Carloman de Blinde

Uit Wikipedia, de vrije encyclopedie

Carloman de Blinde (847 - Echternach, 876) was de derde zoon van Karel de Kale en diens eerste echtgenote Ermentrudis van Orléans.

Omdat Karel de Kale een strijd tussen zijn zonen om de kroon wilde vermijden en de oudste zoon Lodewijk de Stamelaar als opvolger had aangeduid, stak hij diens jongere broers al jong in het klooster. Carloman kreeg volgens de Annales Bertiniani al in 854 de tonsuur. In 860 werd hij abt van de Sint-Medardusabdij te Soissons[1]. Na de dood van zijn broer Lothar in 865 kreeg hij ook de abdij van Sint-Germanus van Auxerre. Daarna kreeg hij nog andere abdijen onder andere te Metz en te Lobbes[2][3].

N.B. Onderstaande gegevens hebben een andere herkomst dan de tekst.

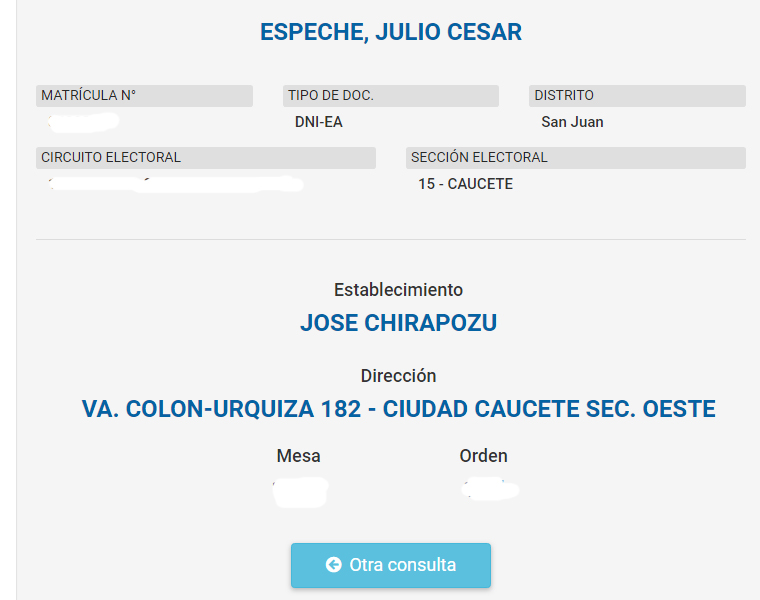 De acuerdo a la información que se encuentra en internet, el difunto votaría donde lo hizo siempre, en la Escuela José Chirapuzo, de Caucete. Justamente, la edición impresa de DIARIO DE CUYO de hoy, informó que corrigieron un error y se agregaron 4.000 nuevos electores para estos comicios nacionales. Por lo que, este caso podría ser un nuevo error no considerado del sistema informático que envía la Cámara Nacional Electoral para la generación del padrón.

In 869 kwam hij in opstand tegen zijn vader. Die liet hem opsluiten te Senlis. Na tussenkomst van paus Adrianus II liet Karel de Kale zijn zoon vrij en verplichtte hij hem om deel te nemen aan zijn veldtocht tegen Girard II van Roussillon in 870. Carloman deserteerde en plunderde[4] samen met andere deserteurs de streek rond Reims tot in België. Boudewijn I van Vlaanderen probeerde tevergeefs te bemiddelen tussen vader en zoon.

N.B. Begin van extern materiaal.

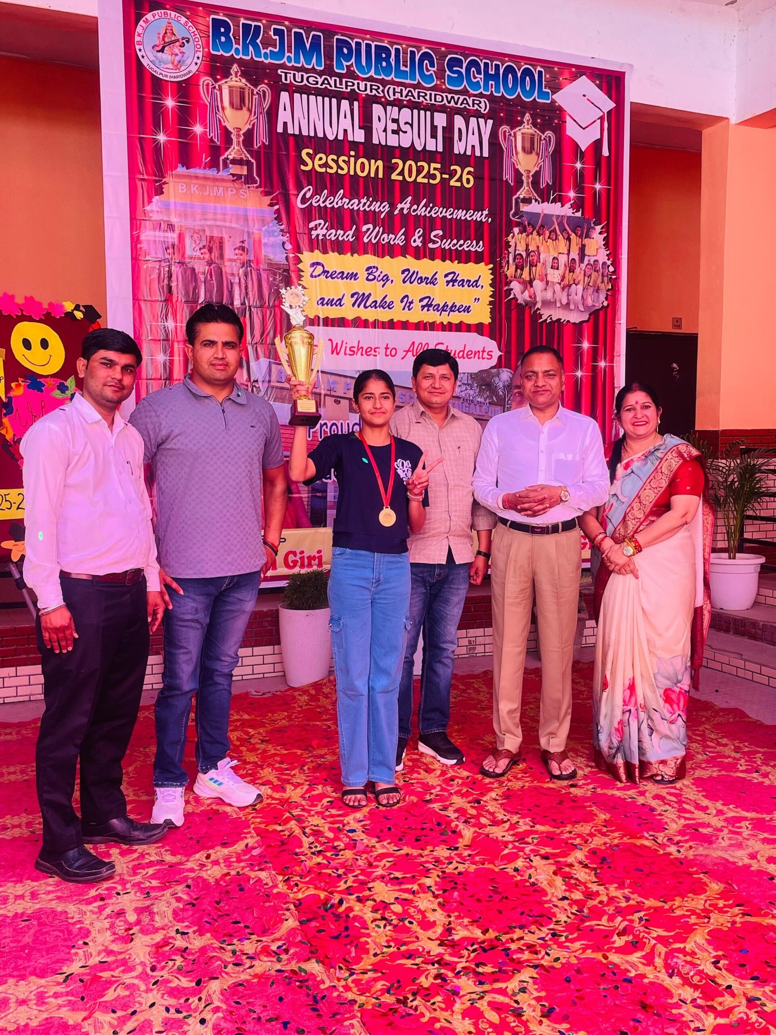 बी.के.जे.एम पब्लिक स्कूल में वार्षिक परिणाम घोषणा कार्यक्रम धूमधाम से सम्पन्न नसीम अंसारी हरिद्वार खानपुर। क्षेत्र के प्रतिष्ठित बी.के.जे.एम पब्लिक स्कूल, खानपुर में वार्षिक परीक्षा परिणाम घोषणा कार्यक्रम बड़े ही भव्य और गरिमामय वातावरण में आयोजित किया गया। कार्यक्रम में विद्यार्थियों, अभिभावकों और गणमान्य अतिथियों की उपस्थिति ने आयोजन को विशेष बना दिया। कार्यक्रम का शुभारंभ दीप प्रज्वलन के साथ हुआ, जिसका शुभारंभ खानपुर सहकारी समिति के चेयरमैन श्री सत्यवीर राठी ने किया। इस दौरान अधिवक्ता श्री पुनीत कंबोज भी विशेष रूप से मौजूद रहे। विद्यालय की प्राचार्या श्रीमती सुमन गिरी एवं प्रबंधन से जुड़े श्री मनोज गिरी की उपस्थिति ने कार्यक्रम की शोभा बढ़ाई। अतिथियों ने विद्यार्थियों का उत्साहवर्धन करते हुए उन्हें कड़ी मेहनत और अनुशासन के साथ आगे बढ़ने का संदेश दिया। उन्होंने कहा कि शिक्षा ही सफलता की कुंजी है और ऐसे कार्यक्रम विद्यार्थियों को प्रेरित करने में महत्वपूर्ण भूमिका निभाते हैं। इस अवसर पर विद्यालय के मेधावी विद्यार्थियों को उनके उत्कृष्ट प्रदर्शन के लिए सम्मानित किया गया। कक्षा में सर्वोच्च अंक प्राप्त कर प्रथम स्थान हासिल करने वाली छात्रा मानवी भाटी, पुत्री श्री गिरवर भाटी, को ट्रॉफी और मेडल देकर सम्मानित किया गया। उनकी इस उपलब्धि पर पूरे विद्यालय में खुशी का माहौल देखने को मिला। कार्यक्रम का संचालन सुव्यवस्थित ढंग से किया गया और अंत में विद्यालय प्रबंधन ने सभी अतिथियों, अभिभावकों एवं विद्यार्थियों का आभार व्यक्त किया। Post navigation रणसूरा पंचायत के मुकरपुर गांव में जलभराव से जनजीवन अस्त-व्यस्त, ग्रामीणों में भारी आक्रोश गडोवाली गांव में गंदगी का अंबार, नमाजियों और राहगीरों की बढ़ी परेशानी

Karel de Kale slaagde erin om zijn zoon gevangen te nemen. Door bemiddeling van aartsbisschop Hincmar van Reims liet Karel de Kale zijn zoon excommuniceren. Nu hij geen geestelijke meer was, kwam hij opnieuw in aanmerking als troonsopvolger en een groep opstandelingen schoof hem in die hoedanigheid naar voor. Om dit onmogelijk te maken liet Karel de Kale in 873 zijn zoon de ogen uitsteken en hem opsluiten in de Abdij van Corbie.

Carloman kon ontsnappen en vluchten naar zijn oom Lodewijk de Duitser. Die maakte hem abt van de Abdij van Echternach.